◆ **Required action**
Only one stretch of the data should be retyped: the lines from the line containing "Комплект квадратных подушек" through the line containing "- Mặt bàn ăn". Keep pictures out of it.

◆ **Record excerpts**
..........

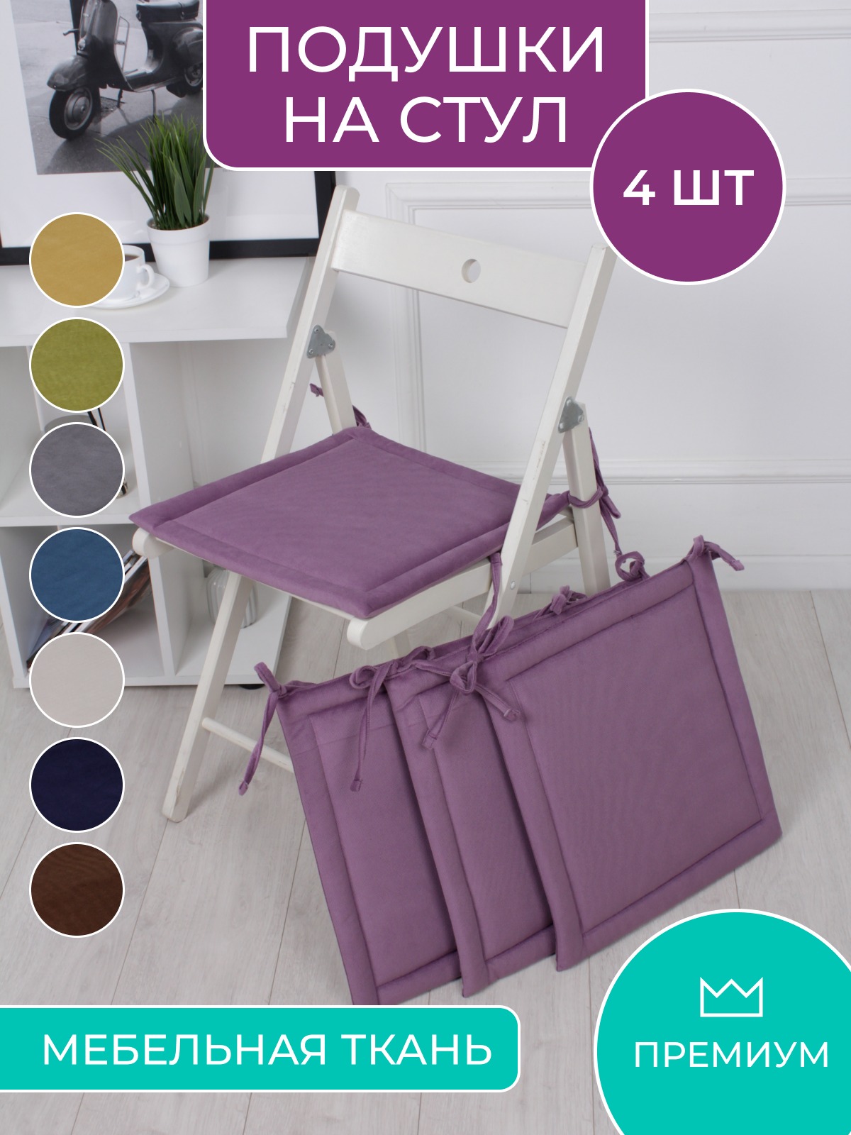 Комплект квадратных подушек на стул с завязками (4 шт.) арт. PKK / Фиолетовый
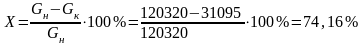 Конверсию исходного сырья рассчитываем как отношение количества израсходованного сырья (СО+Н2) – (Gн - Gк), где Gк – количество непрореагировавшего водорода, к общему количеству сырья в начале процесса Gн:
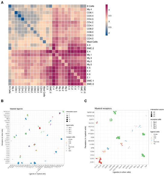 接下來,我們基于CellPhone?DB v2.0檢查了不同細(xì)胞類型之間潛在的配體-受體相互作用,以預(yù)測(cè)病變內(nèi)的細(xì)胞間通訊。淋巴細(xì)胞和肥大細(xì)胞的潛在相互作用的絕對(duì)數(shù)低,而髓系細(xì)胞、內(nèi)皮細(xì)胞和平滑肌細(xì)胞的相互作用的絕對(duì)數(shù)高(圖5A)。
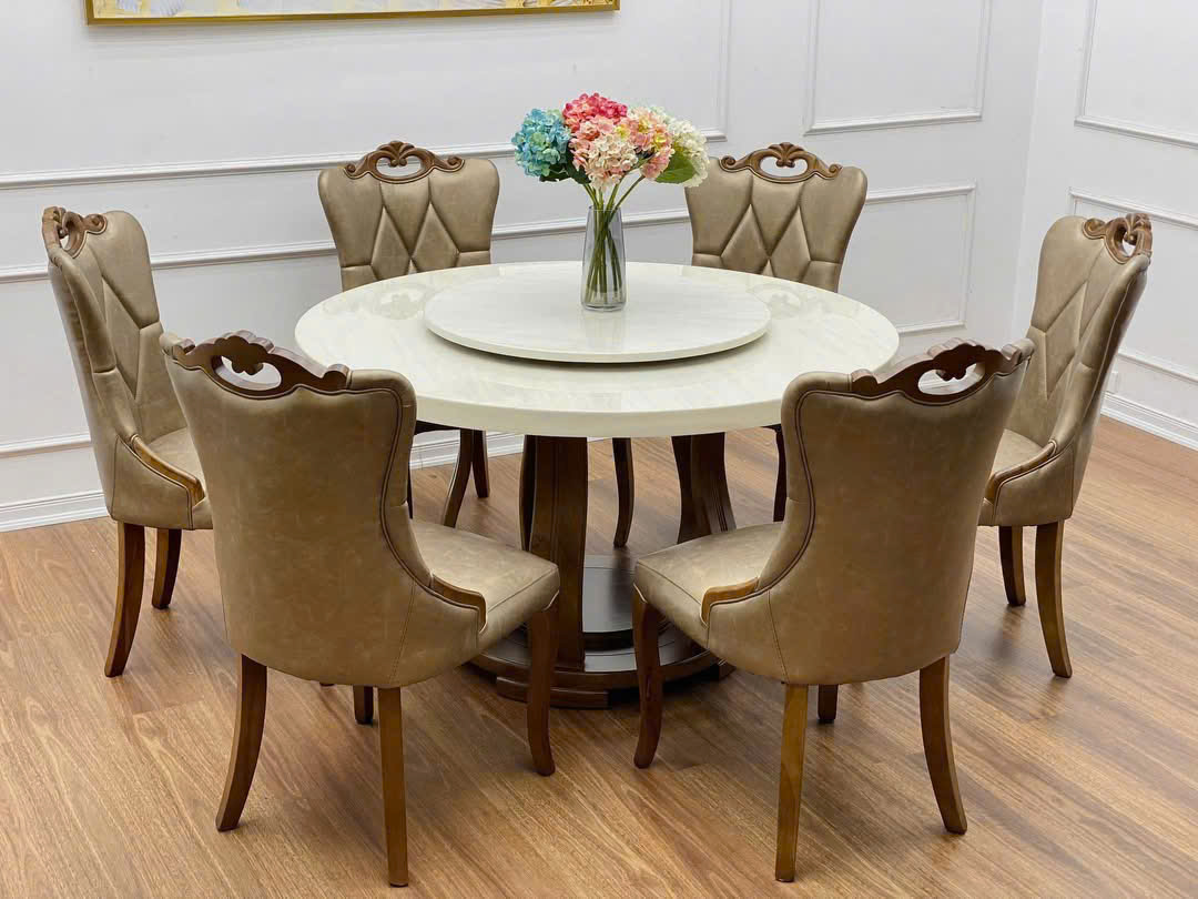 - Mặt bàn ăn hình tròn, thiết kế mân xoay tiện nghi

..........

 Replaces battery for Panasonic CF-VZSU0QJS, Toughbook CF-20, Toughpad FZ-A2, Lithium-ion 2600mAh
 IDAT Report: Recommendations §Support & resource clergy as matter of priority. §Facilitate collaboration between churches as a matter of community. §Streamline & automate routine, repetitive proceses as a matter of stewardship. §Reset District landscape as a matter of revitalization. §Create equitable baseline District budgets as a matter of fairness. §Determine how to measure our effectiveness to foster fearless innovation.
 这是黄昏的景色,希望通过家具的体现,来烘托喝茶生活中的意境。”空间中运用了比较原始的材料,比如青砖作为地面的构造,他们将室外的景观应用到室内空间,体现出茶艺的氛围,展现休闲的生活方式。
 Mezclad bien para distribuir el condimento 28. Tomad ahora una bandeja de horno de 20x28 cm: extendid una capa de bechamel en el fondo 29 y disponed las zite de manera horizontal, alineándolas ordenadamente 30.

..........

◆ **Reply**
 Комплект квадратных подушек на стул с завязками (4 шт.) арт. PKK / Фиолетовый
 Конверсию исходного сырья рассчитываем как отношение количества израсходованного сырья (СО+Н2) – (Gн - Gк), где Gк – количество непрореагировавшего водорода, к общему количеству сырья в начале процесса Gн:
 接下來,我們基于CellPhone?DB v2.0檢查了不同細(xì)胞類型之間潛在的配體-受體相互作用,以預(yù)測(cè)病變內(nèi)的細(xì)胞間通訊。淋巴細(xì)胞和肥大細(xì)胞的潛在相互作用的絕對(duì)數(shù)低,而髓系細(xì)胞、內(nèi)皮細(xì)胞和平滑肌細(xì)胞的相互作用的絕對(duì)數(shù)高(圖5A)。
 - Mặt bàn ăn hình tròn, thiết kế mân xoay tiện nghi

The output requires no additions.